Records to process Block Start

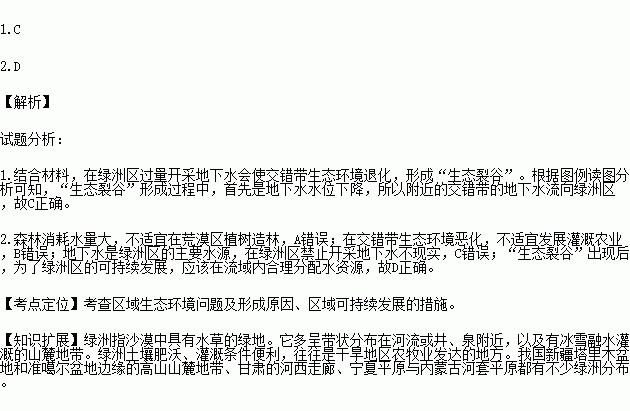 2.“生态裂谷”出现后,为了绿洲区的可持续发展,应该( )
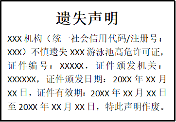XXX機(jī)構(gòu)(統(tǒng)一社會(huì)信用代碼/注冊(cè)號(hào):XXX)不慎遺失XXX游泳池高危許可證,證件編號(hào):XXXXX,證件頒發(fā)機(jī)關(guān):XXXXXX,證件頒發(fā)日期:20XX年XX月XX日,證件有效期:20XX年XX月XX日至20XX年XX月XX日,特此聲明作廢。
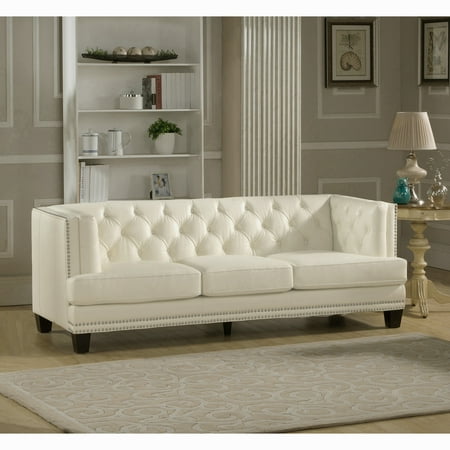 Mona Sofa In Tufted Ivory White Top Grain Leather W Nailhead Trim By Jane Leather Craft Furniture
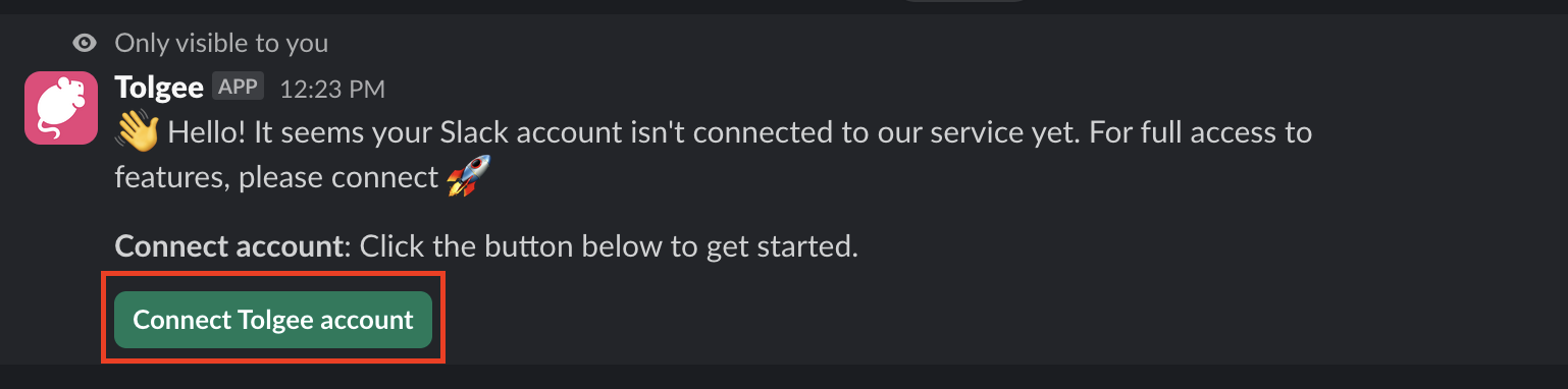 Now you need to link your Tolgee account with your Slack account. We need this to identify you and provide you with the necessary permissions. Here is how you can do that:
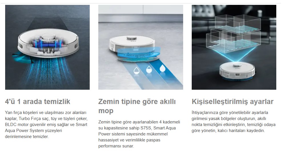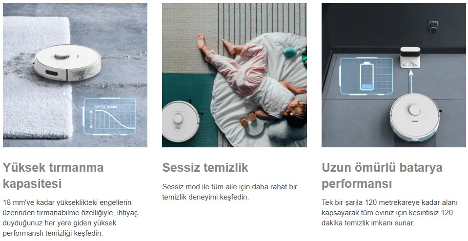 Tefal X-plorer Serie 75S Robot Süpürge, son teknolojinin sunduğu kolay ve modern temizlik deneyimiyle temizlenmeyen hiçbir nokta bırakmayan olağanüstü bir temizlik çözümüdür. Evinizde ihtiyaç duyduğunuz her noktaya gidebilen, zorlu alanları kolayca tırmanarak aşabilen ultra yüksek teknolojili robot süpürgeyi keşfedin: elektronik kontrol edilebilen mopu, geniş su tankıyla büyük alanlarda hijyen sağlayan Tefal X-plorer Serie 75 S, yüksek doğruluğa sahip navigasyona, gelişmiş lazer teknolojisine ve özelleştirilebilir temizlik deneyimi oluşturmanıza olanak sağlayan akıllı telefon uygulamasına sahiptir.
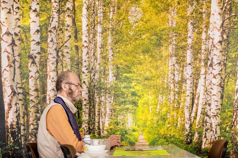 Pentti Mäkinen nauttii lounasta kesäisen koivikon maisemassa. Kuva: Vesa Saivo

Records to process Block End
Records to process Block Start

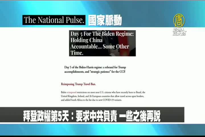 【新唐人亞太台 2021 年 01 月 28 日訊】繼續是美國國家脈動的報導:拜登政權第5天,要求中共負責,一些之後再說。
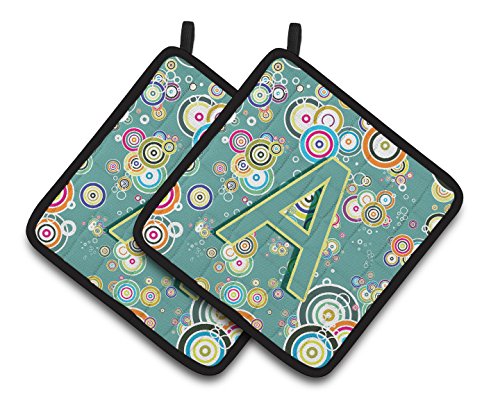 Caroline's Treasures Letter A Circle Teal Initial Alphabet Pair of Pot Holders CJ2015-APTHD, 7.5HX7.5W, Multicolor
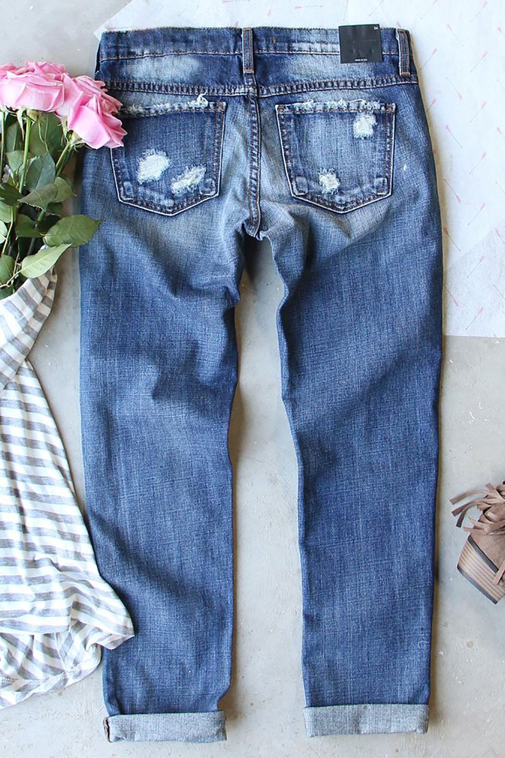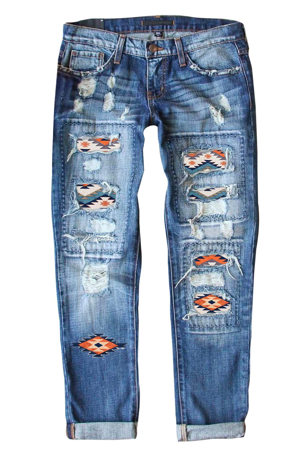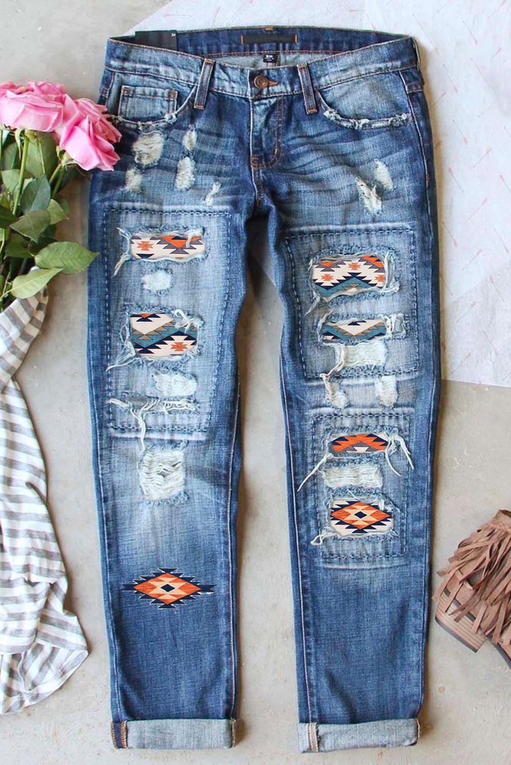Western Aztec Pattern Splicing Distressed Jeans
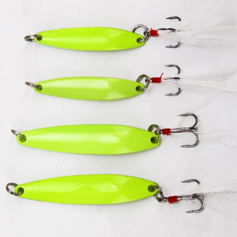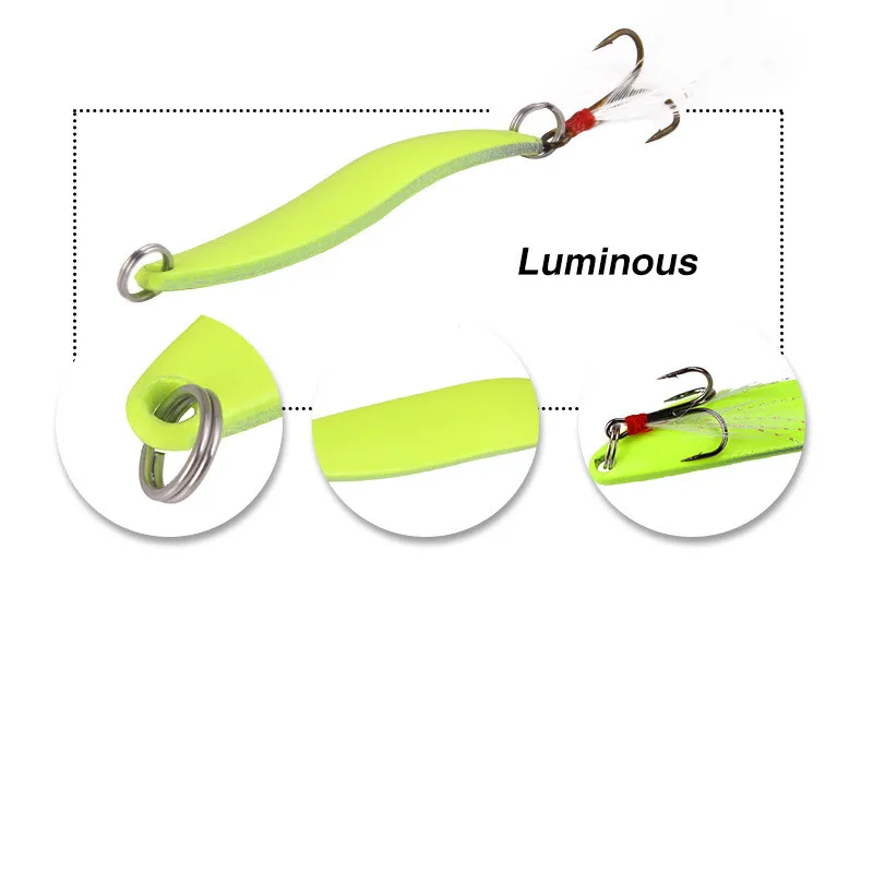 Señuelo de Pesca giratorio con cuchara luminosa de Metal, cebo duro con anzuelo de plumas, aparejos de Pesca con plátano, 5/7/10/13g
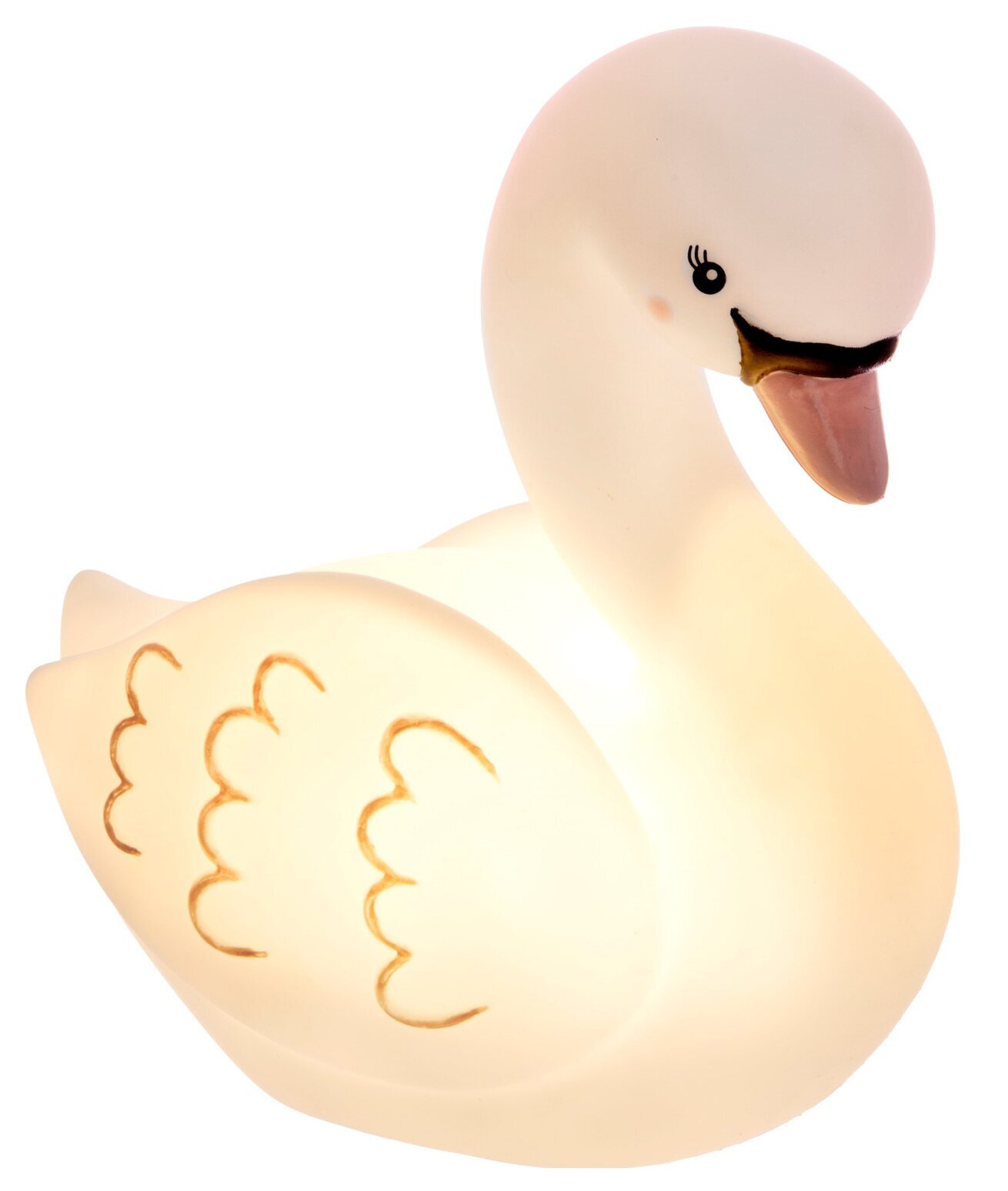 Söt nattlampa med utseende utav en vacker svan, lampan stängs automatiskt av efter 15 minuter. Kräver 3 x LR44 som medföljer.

Records to process Block End

Task description:
An exact copy of the lines above from the one with "XXX機(jī)構(gòu)" up to and including the one with "Pentti Mäkinen nauttii" is required; reproduce only those lines, omitting all pictures.

Exercise response:
XXX機(jī)構(gòu)(統(tǒng)一社會(huì)信用代碼/注冊(cè)號(hào):XXX)不慎遺失XXX游泳池高危許可證,證件編號(hào):XXXXX,證件頒發(fā)機(jī)關(guān):XXXXXX,證件頒發(fā)日期:20XX年XX月XX日,證件有效期:20XX年XX月XX日至20XX年XX月XX日,特此聲明作廢。
 Mona Sofa In Tufted Ivory White Top Grain Leather W Nailhead Trim By Jane Leather Craft Furniture
 Now you need to link your Tolgee account with your Slack account. We need this to identify you and provide you with the necessary permissions. Here is how you can do that:
 Tefal X-plorer Serie 75S Robot Süpürge, son teknolojinin sunduğu kolay ve modern temizlik deneyimiyle temizlenmeyen hiçbir nokta bırakmayan olağanüstü bir temizlik çözümüdür. Evinizde ihtiyaç duyduğunuz her noktaya gidebilen, zorlu alanları kolayca tırmanarak aşabilen ultra yüksek teknolojili robot süpürgeyi keşfedin: elektronik kontrol edilebilen mopu, geniş su tankıyla büyük alanlarda hijyen sağlayan Tefal X-plorer Serie 75 S, yüksek doğruluğa sahip navigasyona, gelişmiş lazer teknolojisine ve özelleştirilebilir temizlik deneyimi oluşturmanıza olanak sağlayan akıllı telefon uygulamasına sahiptir.
 Pentti Mäkinen nauttii lounasta kesäisen koivikon maisemassa. Kuva: Vesa Saivo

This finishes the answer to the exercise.